Alternativa A — ❌ Incorreta

A alternativa afirma que há "uso de exemplos concretos sobre desmatamento". O texto não menciona desmatamento em nenhum momento — fala em "tacar fogo" como metáfora da destruição, mas não apresenta exemplos concretos sobre o tema. Além disso, exemplos concretos não configuram intertextualidade, pois não dialogam com outro texto. Erro: extrapolação (acrescenta tema ausente) e fuga ao conceito pedido.

Alternativa B — ❌ Incorreta

A alternativa fala em "estratégias de paráfrases de modelos de divulgação científica". O texto não parafraseia modelos de divulgação científica — ele cita um relatório, mas não o reescreve como paráfrase. Paráfrase é reescrita de uma ideia; intertextualidade é referência a outro texto. A alternativa confunde os conceitos e atribui ao texto uma estratégia que ele não usa. Erro: troca de conceito.

Alternativa C — ✅ Correta ⟵ GABARITO

A alternativa aponta "a referência ao relatório com a quantidade de pessoas ligadas às florestas". Isso é exatamente o que ocorre no texto:

"Eu vi um número que a World Wide Fund for Nature (WWF) publicou em um relatório, dizendo que 1,4 bilhão de pessoas no mundo dependem da floresta"
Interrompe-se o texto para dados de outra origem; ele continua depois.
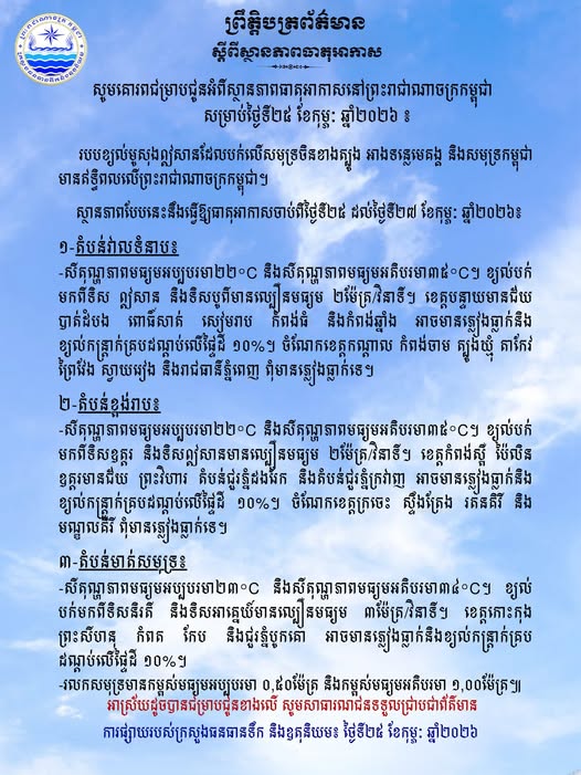 ក្រសួងធនធានទឹក ជូនដំណឹងអំពីស្ថានភាពធាតុអាកាសនៅកម្ពុជា សម្រាប់ថ្ងៃទី២៥ ខែកុម្ភៈ ឆ្នាំ២០២៦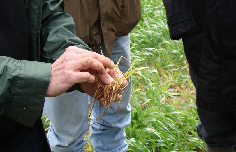 Les symptômes les plus fréquemment observés sont typiques d’Heterodera avenae (photo) : système racinaire très affecté avec présence de chevelu racinaire et de kystes ou d’amas de racines. Un retour fréquent de blé dans la rotation ainsi qu’un été précédent chaud favorisent les nématodes. Le froid relatif de janvier a certainement permis aux kystes d’éclore et de contaminer les parcelles. Les seuls moyens de lutte sont agronomiques (plantes de coupure, changement d’espèces, interculture…). Sur les zones atteintes, les plantes ont des stades en retard et présentent un tallage réduit (maître-brin seul généralement). Dans les secteurs les plus touchés (Castelnaudary, Bram, Villasavary), les symptômes étant restés longtemps et la reprise de végétation, lente, il est très probable que le potentiel de rendement soit déjà affecté.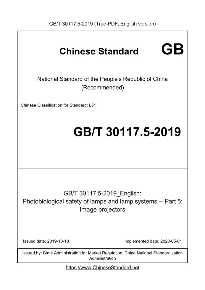 Delivery: <= 7 days. True-PDF full-copy in English will be manually translated and delivered via email. GB/T 30117.5-2019: Photobiological safety of lamps and lamp systems -- Part 5: Image projectors Status: Valid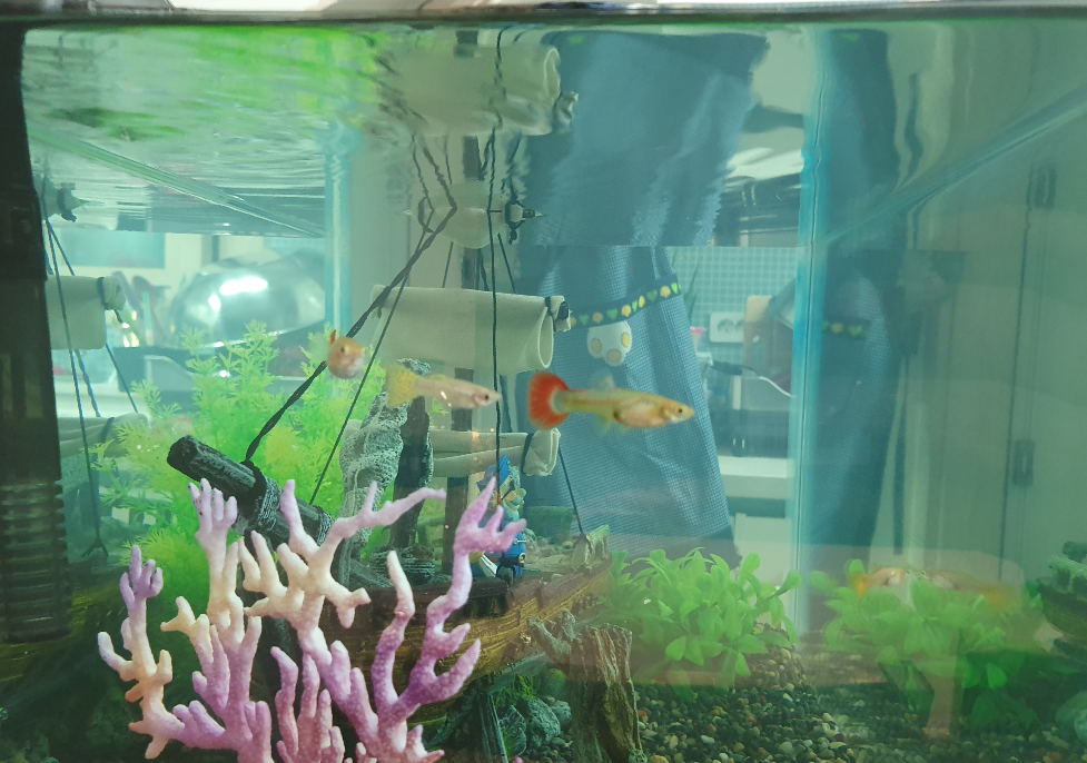 남편님께서 사고 싶어 한 해적선 때문에 어항이 매우 작아 보여요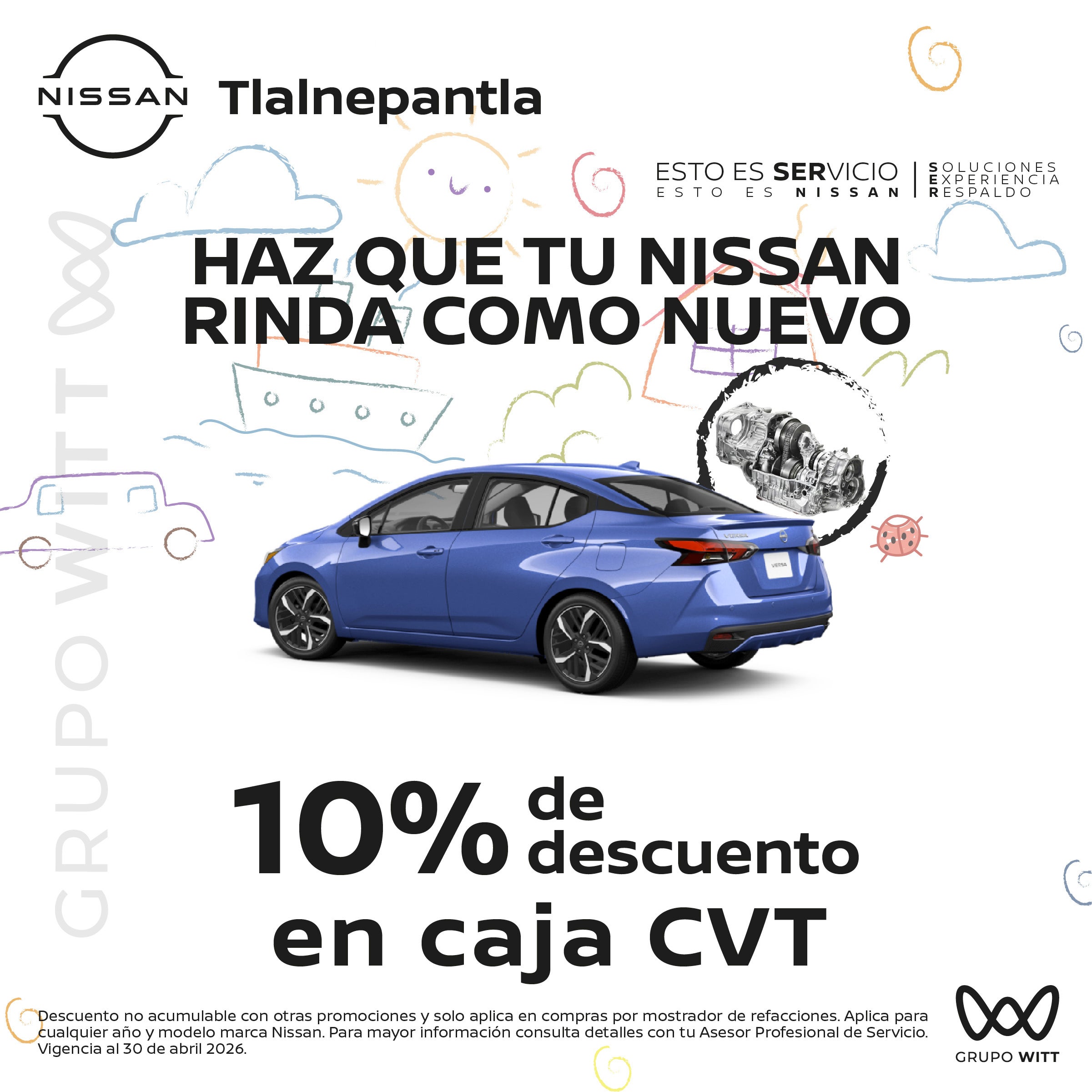 Descuento no acumulable con otras promociones y solo aplica en compras por mostrador de refacciones. Aplica para cualquier año y modelo marca Nissan. Para mayor información consulta detalles con tu Asesor Profesional de Servicio. Vigencia al 30 de abril 2026.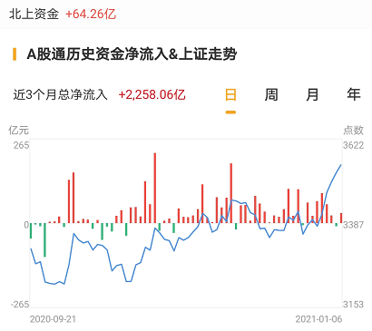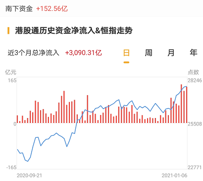 南下资金今日净流入港股152.56亿港元,2021年前4个交易日,南下资金已经净流入逾520亿港元,表现相当凶猛。
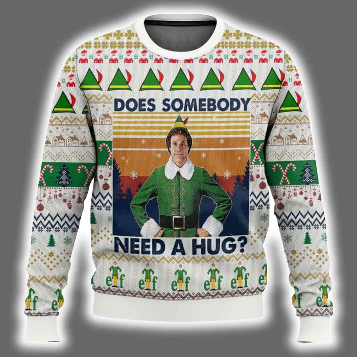 Buddy the Elf Is Back—Wrap Yourself in Hugs and Holiday Cheer with This Does Somebody Need A Hug Elf Ugly Christmas Sweater!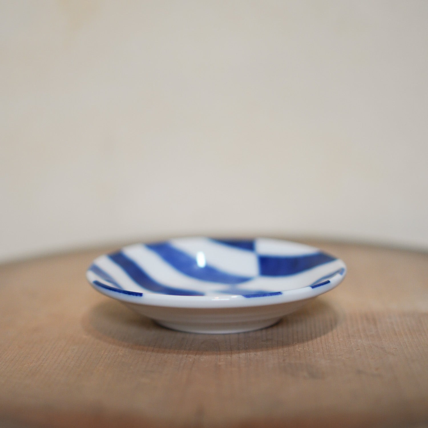 Small vintage Japanese blue and white stripe/check soy sauce dish.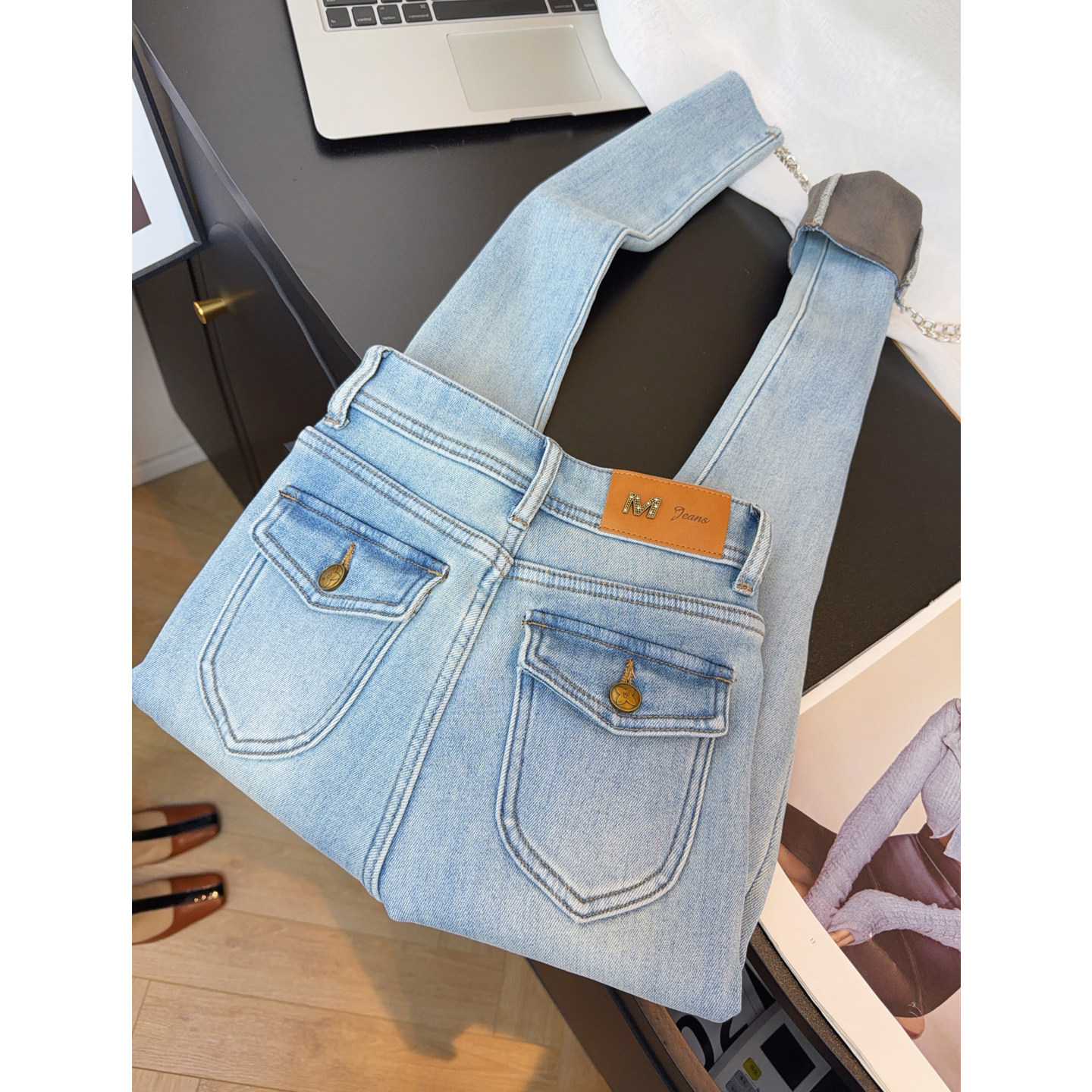 毛边浅蓝色抓绒牛仔裤女小脚铅笔裤高腰弹力2024春新款紧身九分潮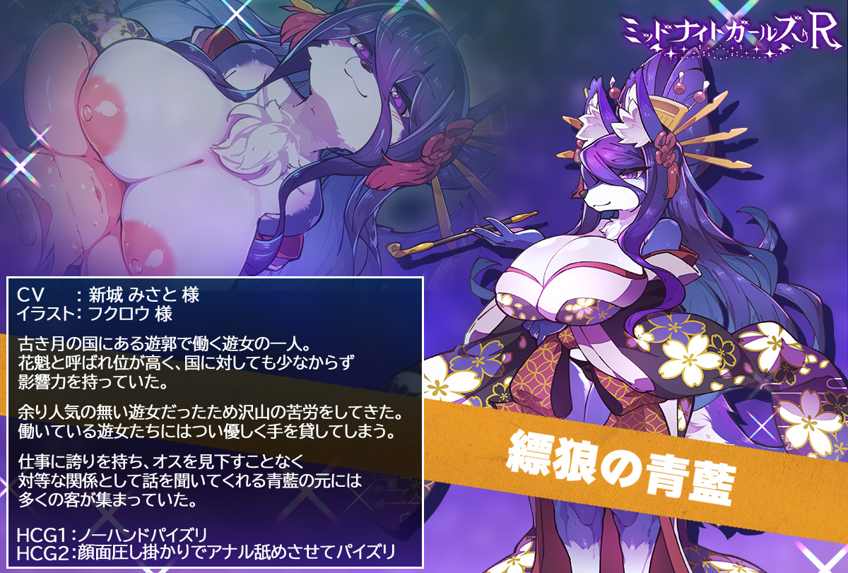 【キャラクターのご紹介♪】 ▼SSR 縹狼の青藍 「ああ、出しなんし♥ さあ、たっぷりと、わちきめがけて♥ どくどく、どびゅどびゅと吐き出しなんし……♥」 イラスト:フクロウ様(

O autor dialoga com um texto externo (o relatório da WWF), referenciando-o explicitamente. Essa é a definição de intertextualidade: um texto que faz referência a outro. A alternativa está inteiramente sustentada pelo texto-base.

Alternativa D — ❌ Incorreta

A alternativa fala em "alusão a um estilo de escrita próximo aos textos jornalísticos". O texto de Krenak é um ensaio reflexivo, com marcas de oralidade e subjetividade ("quero chamar a atenção", "aí eu me pergunto"), não um texto jornalístico. Além disso, "estilo de escrita" não é intertextualidade — é característica composicional. Erro: tangenciamento (fala de aspecto que o texto não aborda) e fuga ao conceito.

Alternativa E — ❌ Incorreta

A alternativa afirma haver "citação direta da voz de uma antropóloga referenciada". O texto menciona a antropóloga Lux Vidal, mas não a cita diretamente — não há aspas nem reprodução literal de suas palavras. O autor apenas referencia seu trabalho: "A antropóloga Lux Vidal escreveu um trabalho muito importante sobre habitações indígenas". Isso é intertextualidade por referência indireta, não citação direta. Erro: contradiz o texto (afirma citação direta onde há apenas menção).

Fechamento

A regra de ouro: intertextualidade é diálogo entre textos — para identificá-la, procure no texto referências a obras, autores, relatórios ou falas externas. A alternativa C acerta porque aponta a referência explícita ao relatório da WWF; as demais ou confundem o conceito com outros recursos (paráfrase, estilo, exemplo) ou acrescentam informações que o texto não traz.